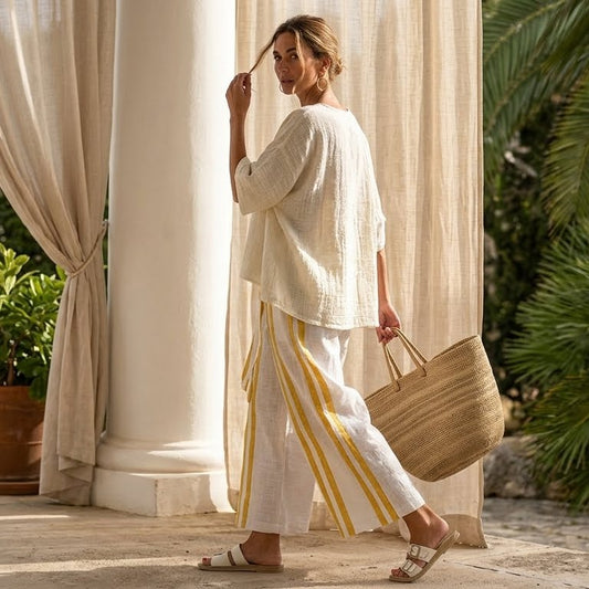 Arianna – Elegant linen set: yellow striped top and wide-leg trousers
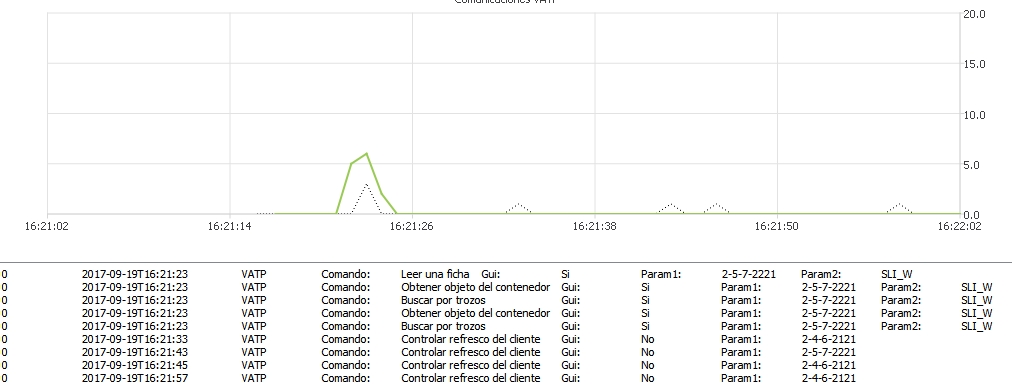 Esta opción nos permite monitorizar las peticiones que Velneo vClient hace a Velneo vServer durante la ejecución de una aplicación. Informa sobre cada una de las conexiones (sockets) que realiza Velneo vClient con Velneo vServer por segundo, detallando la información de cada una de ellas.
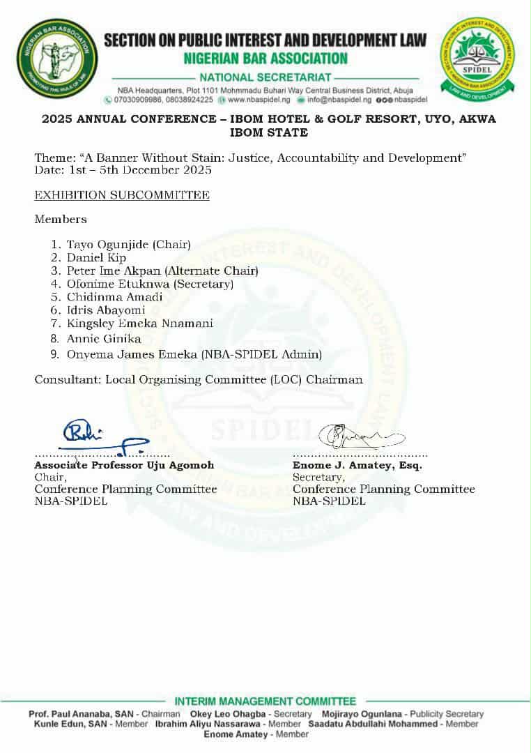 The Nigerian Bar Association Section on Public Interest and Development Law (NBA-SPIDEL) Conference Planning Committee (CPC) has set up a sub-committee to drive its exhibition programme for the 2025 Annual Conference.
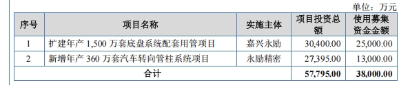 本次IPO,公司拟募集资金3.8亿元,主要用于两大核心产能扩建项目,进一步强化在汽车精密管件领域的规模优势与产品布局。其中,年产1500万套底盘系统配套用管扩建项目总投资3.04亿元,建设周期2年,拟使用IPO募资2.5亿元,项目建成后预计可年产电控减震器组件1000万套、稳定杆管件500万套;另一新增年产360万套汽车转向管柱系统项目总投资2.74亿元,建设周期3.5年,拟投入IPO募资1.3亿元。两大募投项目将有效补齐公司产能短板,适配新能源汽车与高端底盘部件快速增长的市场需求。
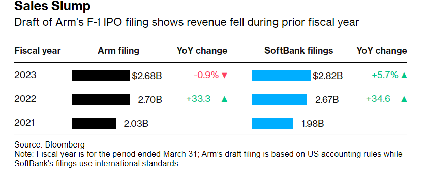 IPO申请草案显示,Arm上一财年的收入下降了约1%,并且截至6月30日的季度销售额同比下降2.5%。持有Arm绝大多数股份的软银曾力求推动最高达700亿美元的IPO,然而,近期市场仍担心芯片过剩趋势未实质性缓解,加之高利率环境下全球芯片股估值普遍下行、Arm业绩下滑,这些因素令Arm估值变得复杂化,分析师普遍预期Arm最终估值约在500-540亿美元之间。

○ ○ ○ ○ ○ ○ ○

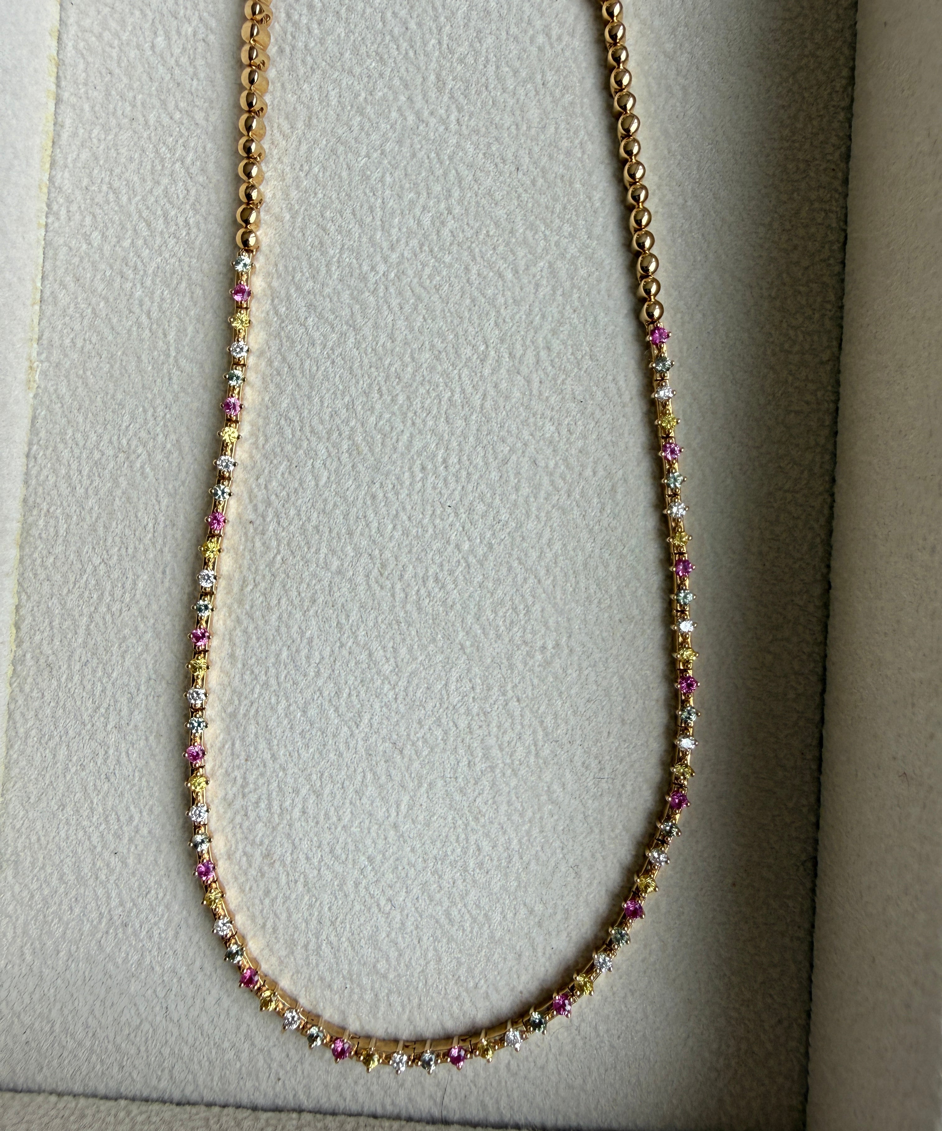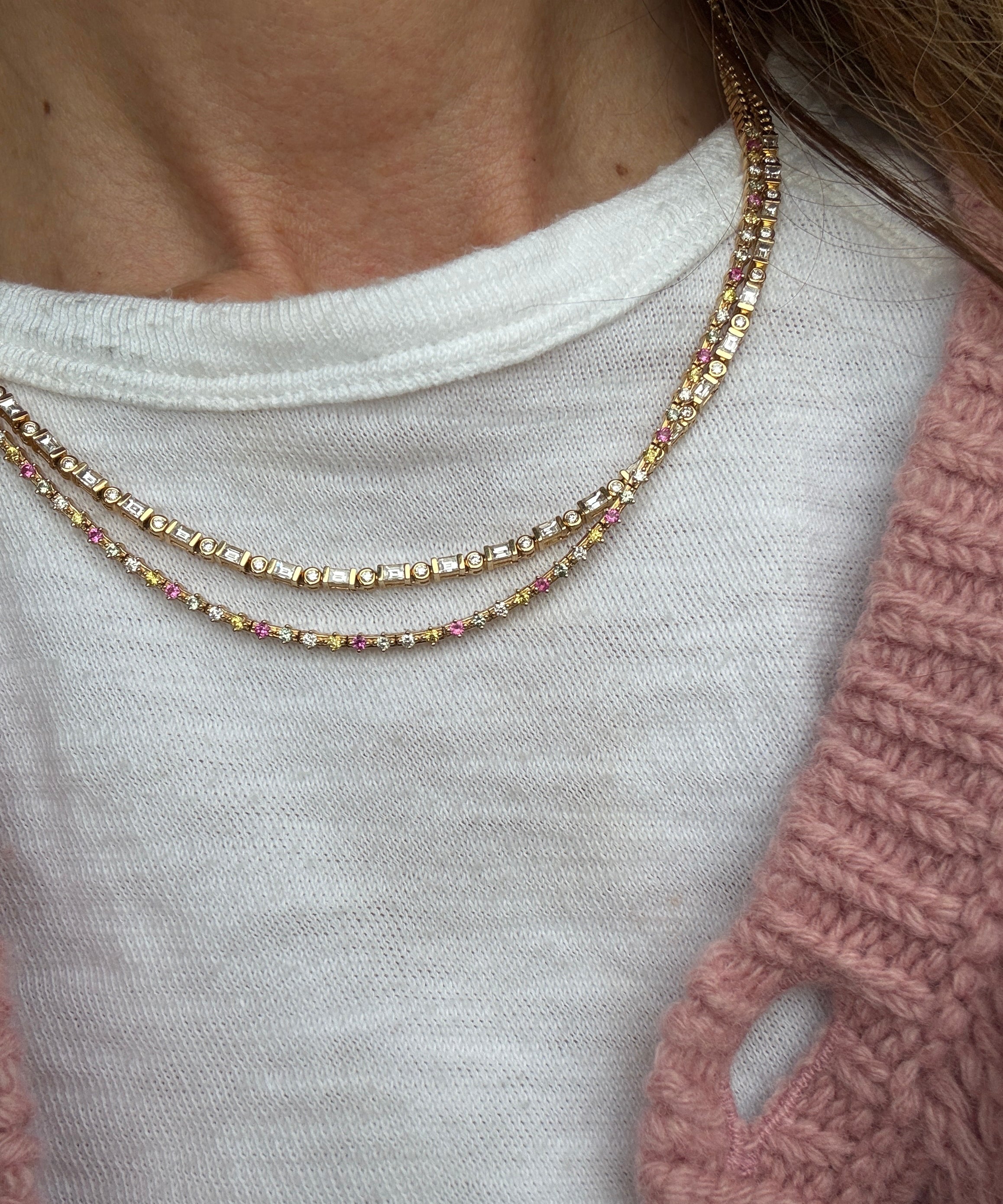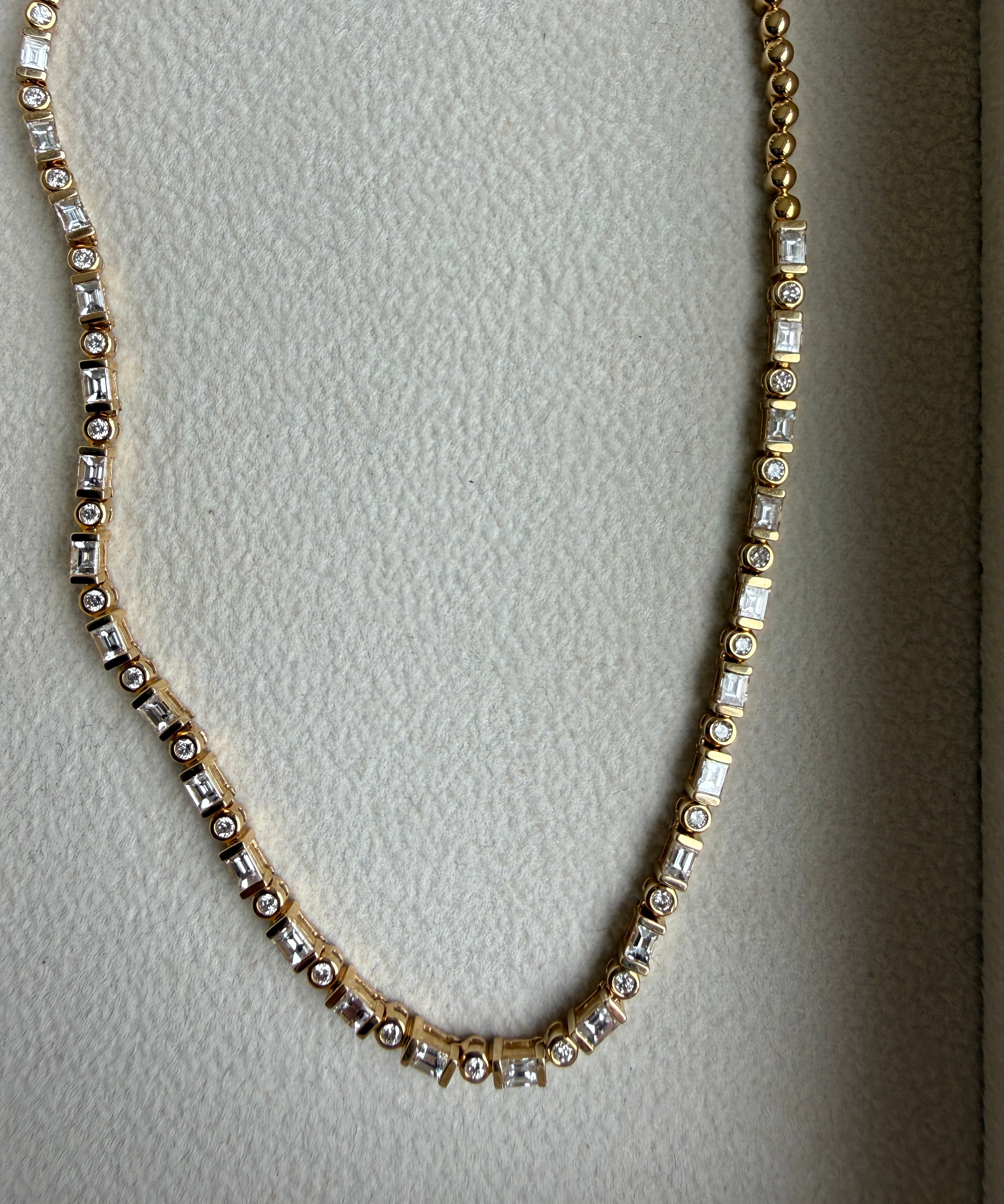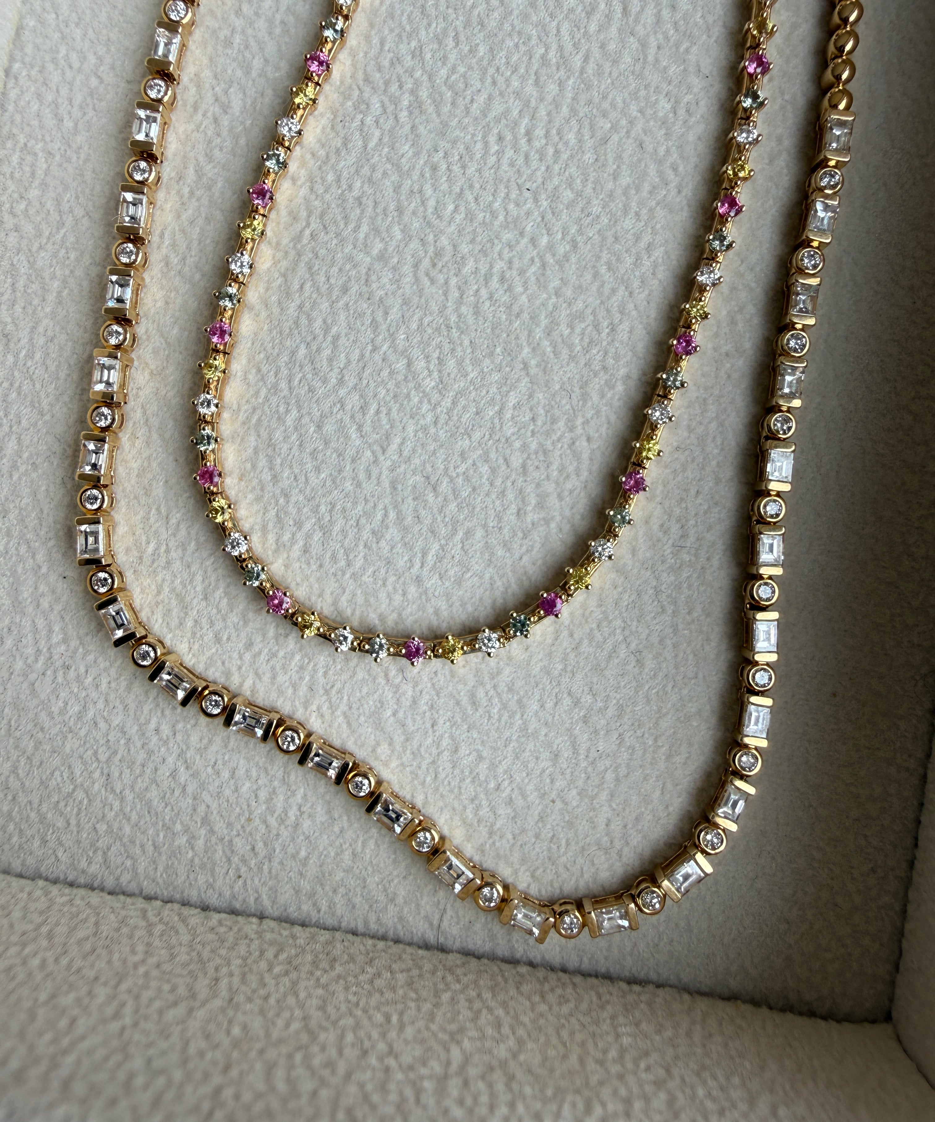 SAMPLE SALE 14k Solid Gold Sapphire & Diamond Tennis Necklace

○ ○ ○ ○ ○ ○ ○

Going by the data above, give back only the lines from the one containing "本次IPO,公司拟募集资金3" through the one containing "IPO申请草案显示,Arm上", exactly as they stand, both ends included and no images.

> _Solution to the exercise_:
 本次IPO,公司拟募集资金3.8亿元,主要用于两大核心产能扩建项目,进一步强化在汽车精密管件领域的规模优势与产品布局。其中,年产1500万套底盘系统配套用管扩建项目总投资3.04亿元,建设周期2年,拟使用IPO募资2.5亿元,项目建成后预计可年产电控减震器组件1000万套、稳定杆管件500万套;另一新增年产360万套汽车转向管柱系统项目总投资2.74亿元,建设周期3.5年,拟投入IPO募资1.3亿元。两大募投项目将有效补齐公司产能短板,适配新能源汽车与高端底盘部件快速增长的市场需求。
 IPO申请草案显示,Arm上一财年的收入下降了约1%,并且截至6月30日的季度销售额同比下降2.5%。持有Arm绝大多数股份的软银曾力求推动最高达700亿美元的IPO,然而,近期市场仍担心芯片过剩趋势未实质性缓解,加之高利率环境下全球芯片股估值普遍下行、Arm业绩下滑,这些因素令Arm估值变得复杂化,分析师普遍预期Arm最终估值约在500-540亿美元之间。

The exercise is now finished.